En resumen, la precarización de la propiedad equivale en la práctica a inexistencia de propiedad. Se trata de un estado de deterioro del título tan severo que se refleja o impacta en el activo de modo tal que ni siquiera la casa puede cumplir con su función primaria: servir de morada digna para las familias que la habitan. Ese deterioro conduce inevitablemente a la tugurización.
   

En los tugurios de las ciudades peruanas las personas carecen de un espacio individual mínimo para su expresión como sujeto. Los ambientes al interior de la vivienda deben soportar tres y más usos. Se superponen una a una las carencias en una cadena de déficit social inacabable.
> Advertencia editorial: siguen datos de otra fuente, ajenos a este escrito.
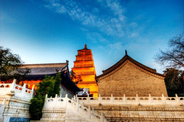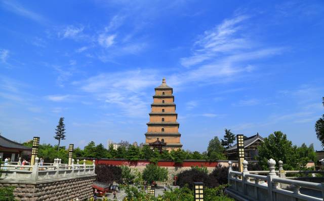唐代永徽三年玄奘为藏经典而修建,塔身七层,通高64.5米,是中国唐朝建筑艺术杰作,登上塔顶,凭栏远眺,长安风貌尽收眼底。
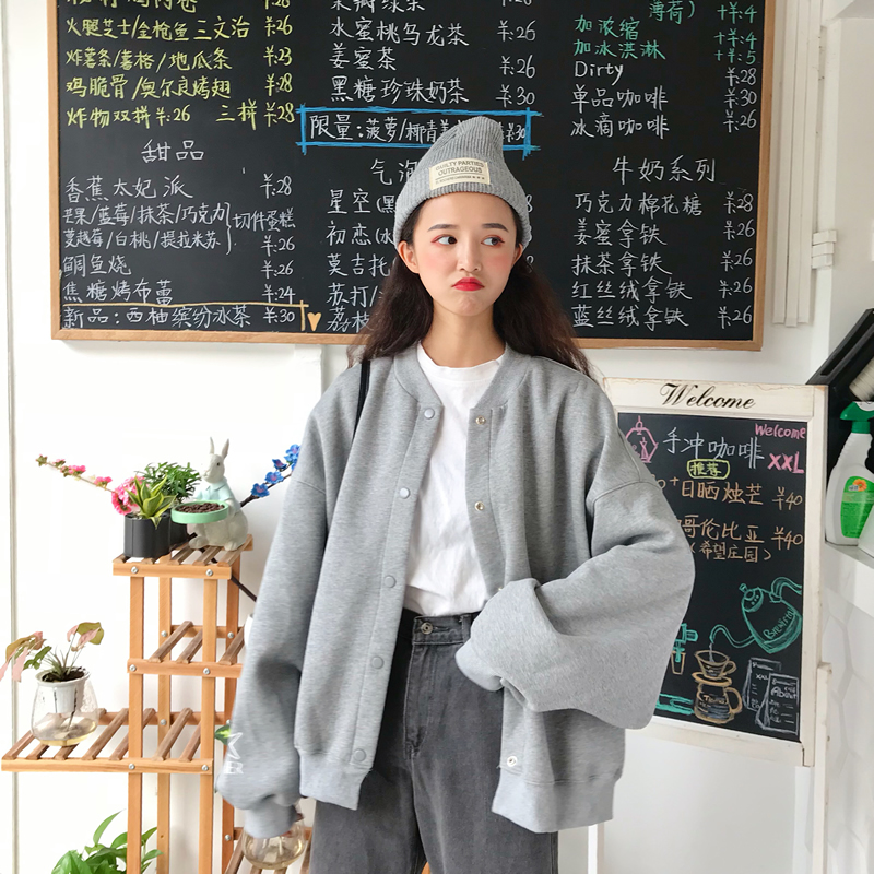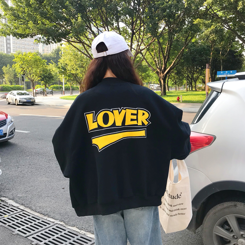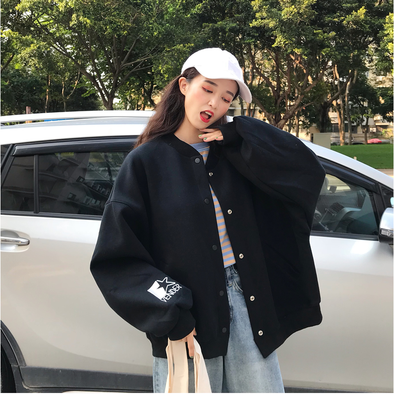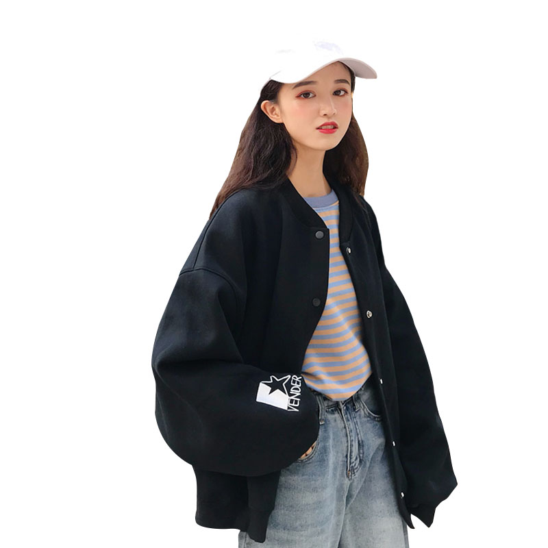 2018秋季新款韓版BF風寬松字母貼布繡花長袖棒球服開衫上衣外套女

Al igual que la vivienda, el núcleo social que la habita se encuentra deteriorado: el jefe de familia no proyecta la imagen de éxito y modélica esperable, hay presencia de drogas y de alcoholismo, los indicadores de desarrollo humano son bajos o muy bajos debido al deterioro y ruina de las estructuras e instalaciones del tugurio, y se carece en general de un entorno amigable.
   

En los tugurios se atiza diariamente decisiones transgresoras y aparece la violencia individual y colectiva en medio de condiciones que no hacen sino empujar esta tendencia. El deterioro no se detiene y la precarización de los derechos de propiedad se encuentra en la base del problema, es su causa.
  

  La eliminación de los tugurios en nuestro país no debe equivaler a la erradicación de la vida humana, ni al reasentamiento de sus colectivos sociales, ni mucho menos al desalojo violento del 1.8 millones de familias peruanas que moran en éstas condiciones. La vida social en los barrios antiguos tugurizados a causa de la precarización, no ha desaparecido. Tampoco su derecho espontáneo.  Éste consiste en un sin fin de normas consuetudinarias que solventan los derechos posesorios y maximizan las ventajas de la ubicación céntrica de sus barrios, dotada de servicios públicos gracias a ella. Su nivel de asociacionismo es alto, su capacidad de comprensión sobre la potencialidad de un centro histórico también lo es. La posibilidad, en fin, de generar compromisos en el orden de la renovación urbana, existe y ha sido documentada.